Bei all diesen Aktivitäten lässt Assassins Creed: Origins auch technisch die Muskeln spielen. Das historische Ägypten ist eine der schönsten, abwechslungsreichsten, buntesten Welten der Spielegeschichte. Ein Meisterwerk, insbesondere in 4K auf einem möglichst großen Fernseher (getestet wurde die Version für die PS4 Pro). Deutlich schwächer ist da allerdings die deutsche Synchro, die zudem beim ersten Spielstart erst heruntergeladen werden muss - auch der Disk befinden sich nur die englischen Audiodateien. Für Spieler mit schwachen Internetleitungen ist das durchaus ein Ärgernis, auch wenn das Paket nur gut 500 Megabyte groß ausfällt.
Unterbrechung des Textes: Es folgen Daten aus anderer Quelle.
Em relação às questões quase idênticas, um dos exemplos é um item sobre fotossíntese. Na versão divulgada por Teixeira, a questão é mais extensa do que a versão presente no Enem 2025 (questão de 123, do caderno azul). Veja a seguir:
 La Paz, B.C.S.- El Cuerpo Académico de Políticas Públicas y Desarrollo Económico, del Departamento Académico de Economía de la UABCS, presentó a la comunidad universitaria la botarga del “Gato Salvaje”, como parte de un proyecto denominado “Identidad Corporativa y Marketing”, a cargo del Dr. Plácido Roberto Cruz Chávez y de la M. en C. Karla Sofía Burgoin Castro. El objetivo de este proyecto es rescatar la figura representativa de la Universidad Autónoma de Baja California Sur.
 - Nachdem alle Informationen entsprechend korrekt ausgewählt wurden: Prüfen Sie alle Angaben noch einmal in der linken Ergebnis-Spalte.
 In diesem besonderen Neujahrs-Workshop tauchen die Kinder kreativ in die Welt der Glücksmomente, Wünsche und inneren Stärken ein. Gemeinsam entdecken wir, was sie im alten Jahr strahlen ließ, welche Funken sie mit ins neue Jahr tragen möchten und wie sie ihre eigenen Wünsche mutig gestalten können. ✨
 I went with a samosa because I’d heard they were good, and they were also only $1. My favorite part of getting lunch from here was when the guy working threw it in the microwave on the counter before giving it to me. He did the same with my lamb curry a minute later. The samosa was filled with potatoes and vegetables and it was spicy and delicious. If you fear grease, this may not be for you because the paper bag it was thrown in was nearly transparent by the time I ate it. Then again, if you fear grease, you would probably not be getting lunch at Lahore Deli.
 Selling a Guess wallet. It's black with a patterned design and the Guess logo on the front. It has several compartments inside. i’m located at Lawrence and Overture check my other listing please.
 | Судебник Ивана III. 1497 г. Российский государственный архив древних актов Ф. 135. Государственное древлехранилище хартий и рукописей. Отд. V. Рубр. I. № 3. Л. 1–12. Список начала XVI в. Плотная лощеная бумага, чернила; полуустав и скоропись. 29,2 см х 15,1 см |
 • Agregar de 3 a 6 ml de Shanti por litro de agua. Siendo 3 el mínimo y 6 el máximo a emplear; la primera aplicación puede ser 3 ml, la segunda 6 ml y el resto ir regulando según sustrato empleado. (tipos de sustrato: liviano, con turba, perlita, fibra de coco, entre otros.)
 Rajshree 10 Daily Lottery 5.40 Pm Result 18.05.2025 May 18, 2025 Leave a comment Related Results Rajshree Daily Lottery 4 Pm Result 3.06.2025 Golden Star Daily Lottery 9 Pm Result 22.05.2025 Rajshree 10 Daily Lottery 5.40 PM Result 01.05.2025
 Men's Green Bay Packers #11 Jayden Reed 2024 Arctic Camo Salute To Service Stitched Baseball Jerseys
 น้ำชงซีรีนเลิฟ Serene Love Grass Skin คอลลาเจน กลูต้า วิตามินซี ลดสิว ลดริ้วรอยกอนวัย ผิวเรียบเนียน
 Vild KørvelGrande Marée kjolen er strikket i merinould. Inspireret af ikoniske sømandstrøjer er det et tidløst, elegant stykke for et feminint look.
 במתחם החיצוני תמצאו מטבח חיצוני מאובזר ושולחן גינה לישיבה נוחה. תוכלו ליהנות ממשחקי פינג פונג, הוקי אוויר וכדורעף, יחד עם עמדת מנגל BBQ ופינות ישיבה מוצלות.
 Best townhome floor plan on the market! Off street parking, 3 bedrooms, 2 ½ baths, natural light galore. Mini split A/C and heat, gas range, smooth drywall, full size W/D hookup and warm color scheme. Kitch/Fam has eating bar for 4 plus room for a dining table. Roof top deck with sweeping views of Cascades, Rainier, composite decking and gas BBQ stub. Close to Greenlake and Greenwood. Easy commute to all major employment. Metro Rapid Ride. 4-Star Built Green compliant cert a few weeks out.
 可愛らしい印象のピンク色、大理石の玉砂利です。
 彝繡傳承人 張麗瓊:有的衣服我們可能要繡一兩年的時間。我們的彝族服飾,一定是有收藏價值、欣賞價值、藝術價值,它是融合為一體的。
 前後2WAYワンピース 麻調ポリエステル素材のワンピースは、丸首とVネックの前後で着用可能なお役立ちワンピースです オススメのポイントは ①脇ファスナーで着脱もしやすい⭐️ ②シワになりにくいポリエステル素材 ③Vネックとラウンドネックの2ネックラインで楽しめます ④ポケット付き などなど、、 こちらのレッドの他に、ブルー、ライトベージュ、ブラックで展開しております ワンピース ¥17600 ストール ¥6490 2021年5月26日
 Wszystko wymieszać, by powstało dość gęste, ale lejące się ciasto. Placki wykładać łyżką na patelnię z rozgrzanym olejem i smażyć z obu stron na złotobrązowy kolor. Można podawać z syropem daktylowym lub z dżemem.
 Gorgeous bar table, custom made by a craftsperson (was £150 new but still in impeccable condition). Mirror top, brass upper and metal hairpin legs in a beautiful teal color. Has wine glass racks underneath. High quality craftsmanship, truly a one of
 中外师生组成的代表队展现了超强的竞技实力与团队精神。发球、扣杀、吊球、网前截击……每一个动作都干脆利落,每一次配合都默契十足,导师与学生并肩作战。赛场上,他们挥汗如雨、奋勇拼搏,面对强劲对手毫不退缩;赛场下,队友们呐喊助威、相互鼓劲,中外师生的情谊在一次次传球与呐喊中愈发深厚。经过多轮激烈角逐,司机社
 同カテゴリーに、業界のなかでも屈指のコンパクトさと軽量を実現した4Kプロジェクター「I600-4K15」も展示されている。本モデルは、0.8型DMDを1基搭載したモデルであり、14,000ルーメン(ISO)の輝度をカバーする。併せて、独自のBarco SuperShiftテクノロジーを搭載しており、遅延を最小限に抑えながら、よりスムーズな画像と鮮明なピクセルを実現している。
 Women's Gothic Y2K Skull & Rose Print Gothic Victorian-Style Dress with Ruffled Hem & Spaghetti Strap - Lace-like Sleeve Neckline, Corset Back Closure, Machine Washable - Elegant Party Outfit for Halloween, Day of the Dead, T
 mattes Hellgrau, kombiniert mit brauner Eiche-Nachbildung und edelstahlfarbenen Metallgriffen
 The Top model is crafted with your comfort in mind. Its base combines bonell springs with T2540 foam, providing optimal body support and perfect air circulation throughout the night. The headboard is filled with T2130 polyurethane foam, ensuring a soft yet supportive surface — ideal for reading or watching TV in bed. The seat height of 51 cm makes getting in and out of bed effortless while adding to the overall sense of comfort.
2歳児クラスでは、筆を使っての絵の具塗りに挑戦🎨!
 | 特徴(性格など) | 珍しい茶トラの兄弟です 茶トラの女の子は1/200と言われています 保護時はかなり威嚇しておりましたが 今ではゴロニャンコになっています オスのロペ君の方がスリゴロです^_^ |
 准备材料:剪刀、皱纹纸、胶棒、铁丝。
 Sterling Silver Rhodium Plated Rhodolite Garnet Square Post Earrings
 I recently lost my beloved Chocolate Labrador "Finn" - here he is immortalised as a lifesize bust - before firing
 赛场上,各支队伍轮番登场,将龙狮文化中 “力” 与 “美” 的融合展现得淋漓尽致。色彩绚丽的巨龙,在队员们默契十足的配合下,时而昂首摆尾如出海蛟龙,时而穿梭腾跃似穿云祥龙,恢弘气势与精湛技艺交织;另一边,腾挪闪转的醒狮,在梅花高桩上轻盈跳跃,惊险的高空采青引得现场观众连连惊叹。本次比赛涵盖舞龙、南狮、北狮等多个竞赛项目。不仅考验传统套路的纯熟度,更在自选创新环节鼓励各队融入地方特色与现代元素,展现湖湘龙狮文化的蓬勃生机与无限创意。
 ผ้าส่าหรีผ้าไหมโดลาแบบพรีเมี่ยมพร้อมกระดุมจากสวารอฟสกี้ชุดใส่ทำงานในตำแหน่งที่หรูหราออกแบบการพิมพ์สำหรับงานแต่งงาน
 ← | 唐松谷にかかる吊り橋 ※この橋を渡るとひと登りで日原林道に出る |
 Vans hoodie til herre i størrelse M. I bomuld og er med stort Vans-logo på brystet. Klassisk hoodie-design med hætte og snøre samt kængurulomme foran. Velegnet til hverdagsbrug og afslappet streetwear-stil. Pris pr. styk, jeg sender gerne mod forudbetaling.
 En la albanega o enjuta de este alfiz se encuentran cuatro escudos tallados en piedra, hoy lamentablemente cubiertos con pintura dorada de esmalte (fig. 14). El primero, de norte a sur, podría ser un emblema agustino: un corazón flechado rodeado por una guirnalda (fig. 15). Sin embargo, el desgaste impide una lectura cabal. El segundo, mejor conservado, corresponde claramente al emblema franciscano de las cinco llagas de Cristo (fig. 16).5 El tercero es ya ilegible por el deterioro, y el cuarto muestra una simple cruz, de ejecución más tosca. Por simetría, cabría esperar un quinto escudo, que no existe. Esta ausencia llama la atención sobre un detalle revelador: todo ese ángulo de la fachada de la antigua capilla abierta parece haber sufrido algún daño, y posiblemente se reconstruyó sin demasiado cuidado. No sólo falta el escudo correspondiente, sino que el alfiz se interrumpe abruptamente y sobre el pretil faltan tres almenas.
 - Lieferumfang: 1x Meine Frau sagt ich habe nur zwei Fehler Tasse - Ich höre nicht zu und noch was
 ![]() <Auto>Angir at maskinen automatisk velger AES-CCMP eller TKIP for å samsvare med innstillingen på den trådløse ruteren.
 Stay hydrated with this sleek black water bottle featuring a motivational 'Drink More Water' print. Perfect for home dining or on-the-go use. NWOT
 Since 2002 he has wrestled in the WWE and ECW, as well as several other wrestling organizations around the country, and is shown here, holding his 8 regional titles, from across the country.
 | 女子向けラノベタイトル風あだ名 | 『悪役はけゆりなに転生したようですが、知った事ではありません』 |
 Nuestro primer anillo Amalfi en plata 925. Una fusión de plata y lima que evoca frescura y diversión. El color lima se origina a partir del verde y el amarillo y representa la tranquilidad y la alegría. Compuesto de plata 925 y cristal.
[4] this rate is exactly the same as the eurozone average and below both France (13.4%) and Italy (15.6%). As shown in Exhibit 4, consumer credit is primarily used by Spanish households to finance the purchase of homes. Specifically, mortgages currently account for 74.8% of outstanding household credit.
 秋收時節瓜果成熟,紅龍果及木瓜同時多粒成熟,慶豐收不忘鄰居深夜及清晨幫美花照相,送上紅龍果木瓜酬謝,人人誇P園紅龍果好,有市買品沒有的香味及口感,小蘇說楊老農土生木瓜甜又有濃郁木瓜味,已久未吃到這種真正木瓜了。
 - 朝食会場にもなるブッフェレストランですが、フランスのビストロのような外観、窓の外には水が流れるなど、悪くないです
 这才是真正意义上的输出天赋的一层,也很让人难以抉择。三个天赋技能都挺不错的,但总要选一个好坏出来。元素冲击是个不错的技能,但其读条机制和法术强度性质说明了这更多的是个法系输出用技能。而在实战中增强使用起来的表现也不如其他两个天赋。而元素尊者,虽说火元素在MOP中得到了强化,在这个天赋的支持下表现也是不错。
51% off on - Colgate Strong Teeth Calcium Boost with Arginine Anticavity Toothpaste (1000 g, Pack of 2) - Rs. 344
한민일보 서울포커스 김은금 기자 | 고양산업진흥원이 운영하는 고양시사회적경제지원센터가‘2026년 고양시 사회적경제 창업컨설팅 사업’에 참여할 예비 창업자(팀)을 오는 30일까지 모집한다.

Doch das ist schnell vergessen, wenn man sich auf Entdeckungsreise im alten Ägypten begibt, ganz und gar in diese faszinierende Welt eintaucht und beim Spielen völlig die Zeit vergisst. Zumindest so lange, bis die in der Reihe obligatorischen Spielabschnitte kommen, die in der nahen Zukunft spielen und die ein ums andere Mal nicht nur spielerisch irrelevant sind, sondern den Spieler auch aus der spannenden Vergangenheit reißen. Warum diese Abschnitte, deren spieleübergreifender Plott schon lange niemanden mehr interessiert (auch weil ihn kein Mensch mehr versteht), nicht einfach weggelassen werden, weiß auch nur noch Ubisoft.
Doch das alles sind nur kleine Ungereimtheiten am Rande. Im Kern ist „Assassins Creed: Origins“ die glanzvolle Wiederauferstehung einer Spielereihe, ein Meisterwerk, das man sich nicht entgehen lassen sollte.